■ Input data:
——

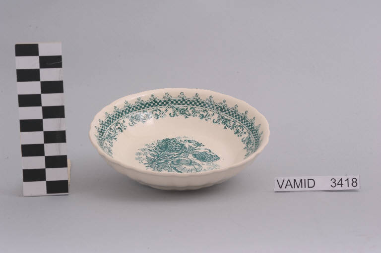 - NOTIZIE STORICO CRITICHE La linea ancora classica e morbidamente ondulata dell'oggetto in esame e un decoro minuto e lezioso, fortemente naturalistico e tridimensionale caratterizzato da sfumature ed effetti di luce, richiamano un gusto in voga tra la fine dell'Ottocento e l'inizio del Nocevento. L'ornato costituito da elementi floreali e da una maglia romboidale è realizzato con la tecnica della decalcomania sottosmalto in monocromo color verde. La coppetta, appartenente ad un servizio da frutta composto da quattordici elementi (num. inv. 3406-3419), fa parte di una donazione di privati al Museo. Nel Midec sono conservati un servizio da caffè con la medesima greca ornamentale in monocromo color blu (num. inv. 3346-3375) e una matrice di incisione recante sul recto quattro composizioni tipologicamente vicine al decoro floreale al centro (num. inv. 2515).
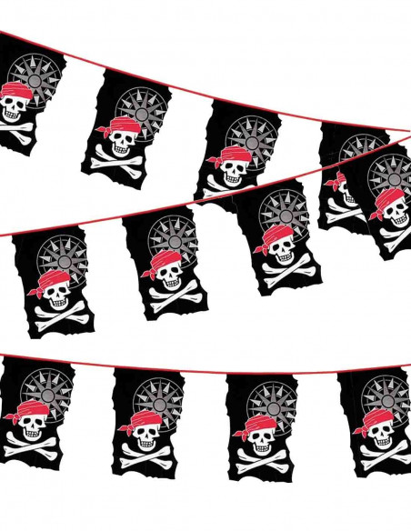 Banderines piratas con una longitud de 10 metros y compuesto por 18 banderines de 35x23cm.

——

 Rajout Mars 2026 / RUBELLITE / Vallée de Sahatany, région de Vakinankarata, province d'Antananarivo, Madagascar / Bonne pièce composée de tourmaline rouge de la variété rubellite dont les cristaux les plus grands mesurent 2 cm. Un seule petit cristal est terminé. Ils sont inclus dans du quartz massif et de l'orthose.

——

■ Your instructions: The answer should consist only of the lines above from the one with "- NOTIZIE STORICO" through the one with "Banderines piratas con", repeated exactly, with no pictures among them.

■ Exercise result:
 - NOTIZIE STORICO CRITICHE La linea ancora classica e morbidamente ondulata dell'oggetto in esame e un decoro minuto e lezioso, fortemente naturalistico e tridimensionale caratterizzato da sfumature ed effetti di luce, richiamano un gusto in voga tra la fine dell'Ottocento e l'inizio del Nocevento. L'ornato costituito da elementi floreali e da una maglia romboidale è realizzato con la tecnica della decalcomania sottosmalto in monocromo color verde. La coppetta, appartenente ad un servizio da frutta composto da quattordici elementi (num. inv. 3406-3419), fa parte di una donazione di privati al Museo. Nel Midec sono conservati un servizio da caffè con la medesima greca ornamentale in monocromo color blu (num. inv. 3346-3375) e una matrice di incisione recante sul recto quattro composizioni tipologicamente vicine al decoro floreale al centro (num. inv. 2515).
 Banderines piratas con una longitud de 10 metros y compuesto por 18 banderines de 35x23cm.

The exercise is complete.